What to produce: Repeat, word for word, all the data that follows, and exclude the pictures.

Dataset extract:
▬▬▬
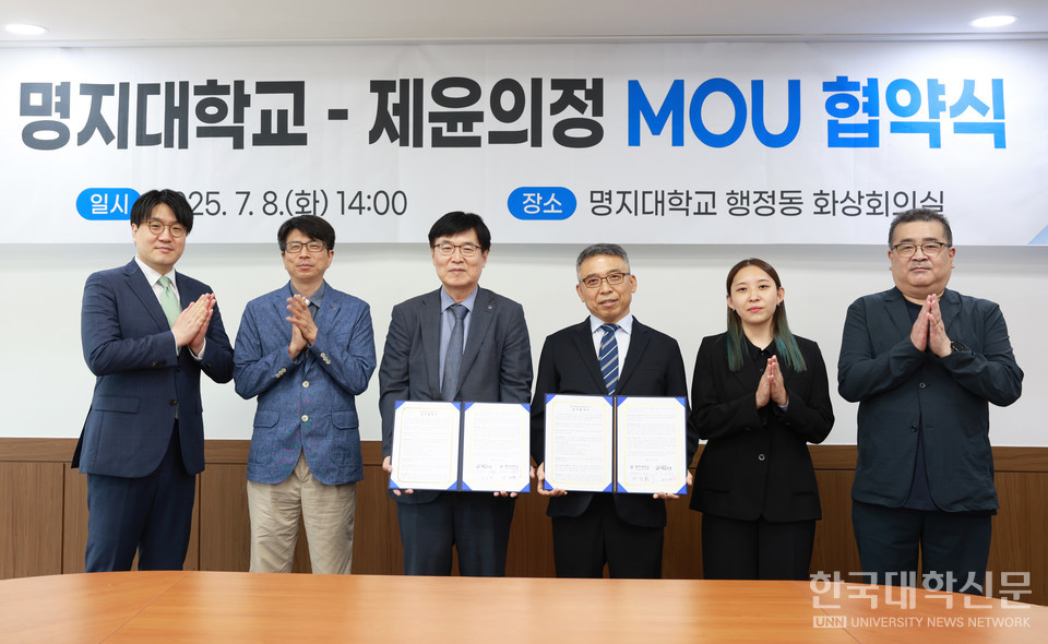 [한국대학신문 박인규 기자] 명지대학교(총장 임연수)는 지방자치 전문 교육을 위한 대학원 신설 학과인 ‘자치입법학과’ 설치·운영을 위해, 의회전문기관 ‘제윤의정’과 업무협약(MOU)을 체결했다. 협약식은 지난 8일 명지대 인문캠퍼스 행정동 3층 화상회의실에서 열렸다.
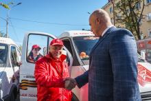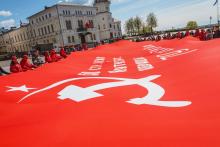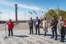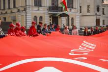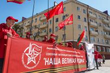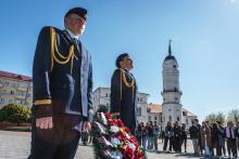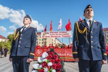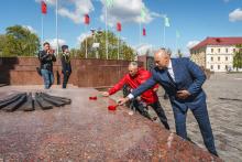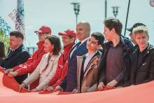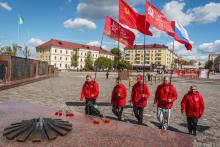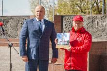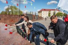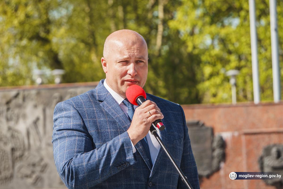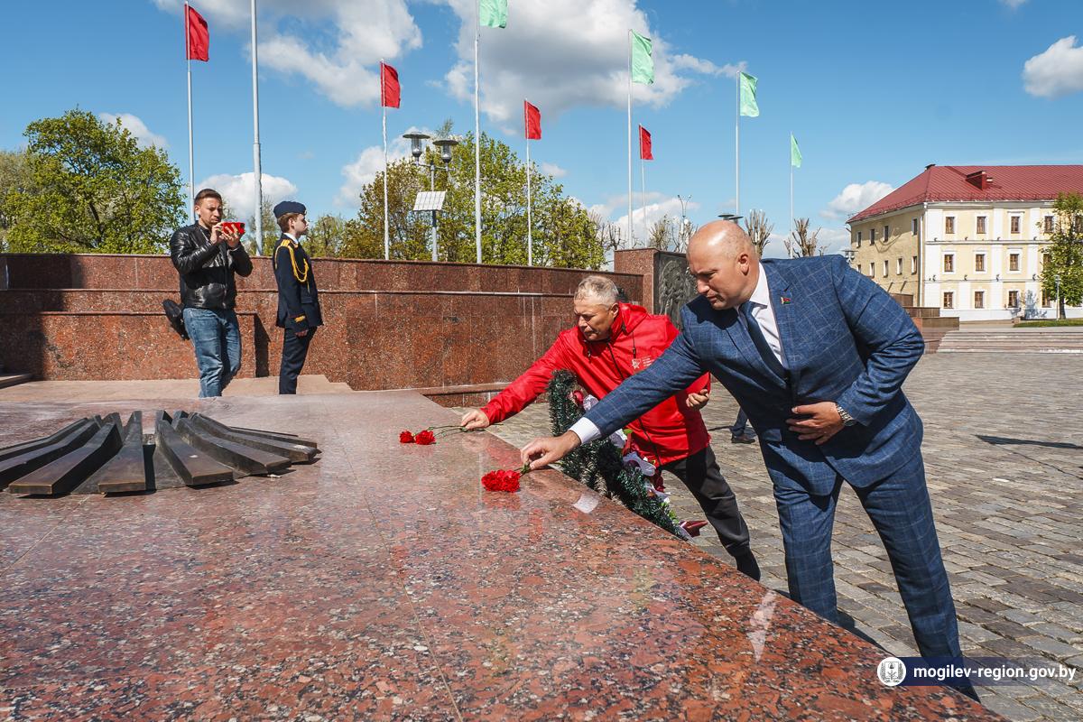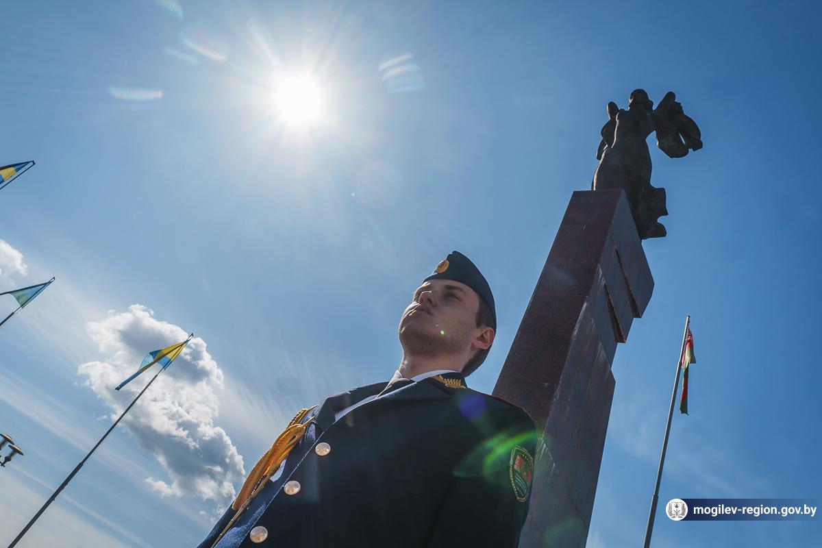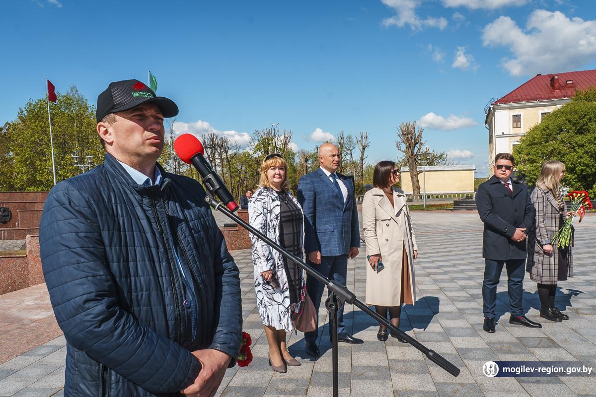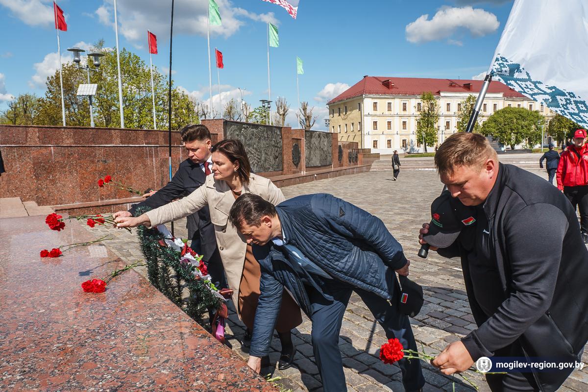 В Могилев прибыли участники союзного патриотического марша-эстафеты проекта «Наша великая Родина», посвященного 78-й годовщине Победы. В ходе визита российских гостей на площади Славы состоялся митинг с участием руководства Могилева. Председатель Могилевского городского Совета депутатов Максим Гурин вручил координатору проекта Олегу Слюсаренко памятную книгу о городе. После возложения цветов к Вечному огню, прибывшие гости совместно с могилевчанами развернули главный символ «Союзного проекта» - масштабную копию Знамени Победы.
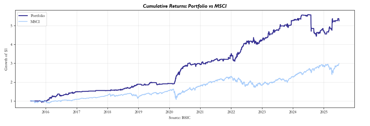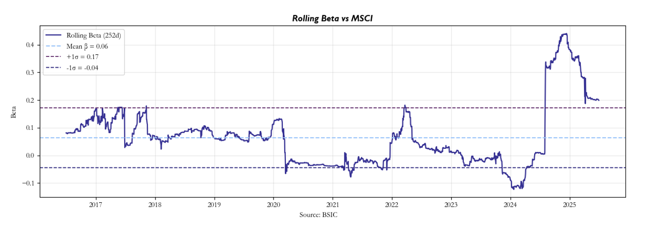 Relative to buy-and-hold MSCI (our chosen benchmark of the universe’s market), it’s clear that our strategy tended to outperform. However, the question naturally becomes: is this just beta, or are these indeed the residuals which dominated the return profile? Our attempt at addressing this issue was to compute the rolling beta, which revealed that throughout the course of the backtest, our returns have been somewhat uncorrelated. It is our view that large changes can primarily be attributed to regime shifts.
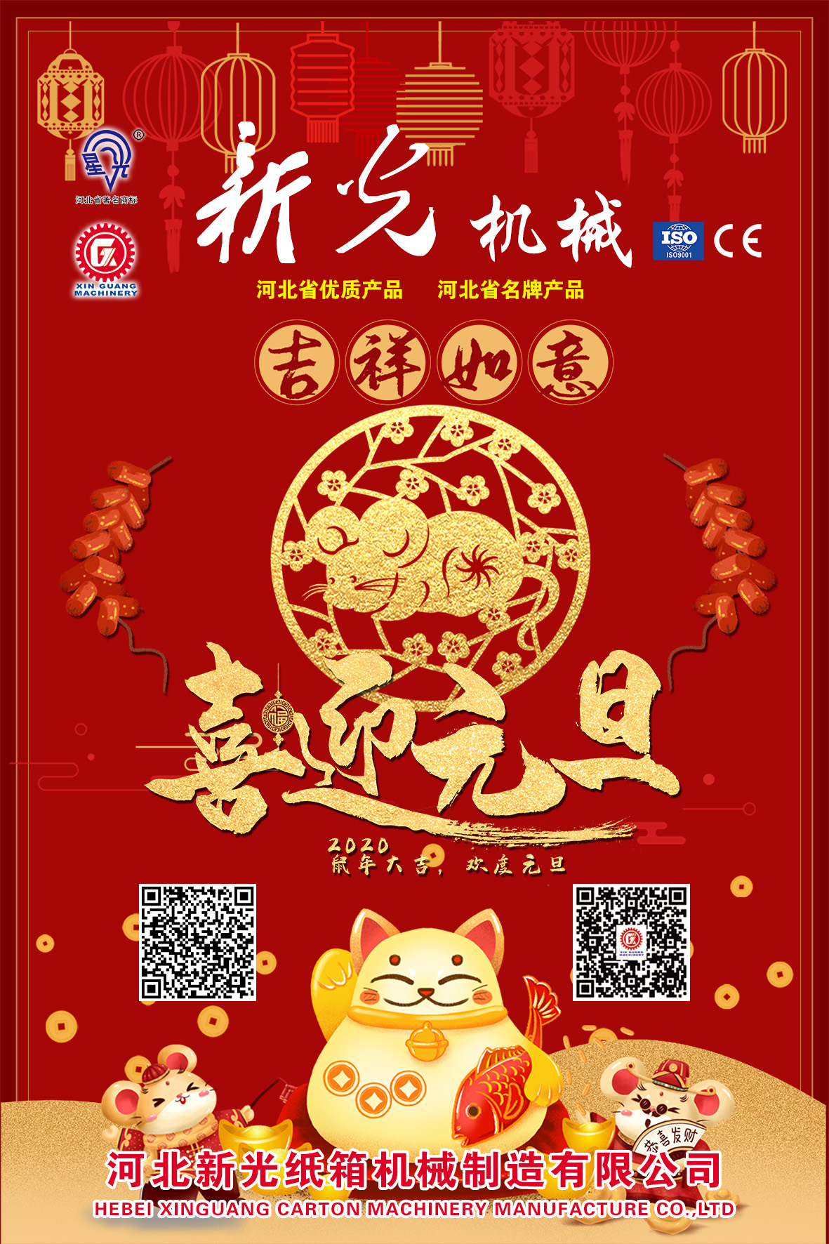 2020新的一年新的氣象,河北新光紙箱機(jī)械制造有限公司全體員工恭祝廣大客戶新年快樂(lè),生意興隆,財(cái)源廣進(jìn),恭喜發(fā)財(cái)。
▬▬▬
Your response:
 [한국대학신문 박인규 기자] 명지대학교(총장 임연수)는 지방자치 전문 교육을 위한 대학원 신설 학과인 ‘자치입법학과’ 설치·운영을 위해, 의회전문기관 ‘제윤의정’과 업무협약(MOU)을 체결했다. 협약식은 지난 8일 명지대 인문캠퍼스 행정동 3층 화상회의실에서 열렸다.
 В Могилев прибыли участники союзного патриотического марша-эстафеты проекта «Наша великая Родина», посвященного 78-й годовщине Победы. В ходе визита российских гостей на площади Славы состоялся митинг с участием руководства Могилева. Председатель Могилевского городского Совета депутатов Максим Гурин вручил координатору проекта Олегу Слюсаренко памятную книгу о городе. После возложения цветов к Вечному огню, прибывшие гости совместно с могилевчанами развернули главный символ «Союзного проекта» - масштабную копию Знамени Победы.
 Relative to buy-and-hold MSCI (our chosen benchmark of the universe’s market), it’s clear that our strategy tended to outperform. However, the question naturally becomes: is this just beta, or are these indeed the residuals which dominated the return profile? Our attempt at addressing this issue was to compute the rolling beta, which revealed that throughout the course of the backtest, our returns have been somewhat uncorrelated. It is our view that large changes can primarily be attributed to regime shifts.
 2020新的一年新的氣象,河北新光紙箱機(jī)械制造有限公司全體員工恭祝廣大客戶新年快樂(lè),生意興隆,財(cái)源廣進(jìn),恭喜發(fā)財(cái)。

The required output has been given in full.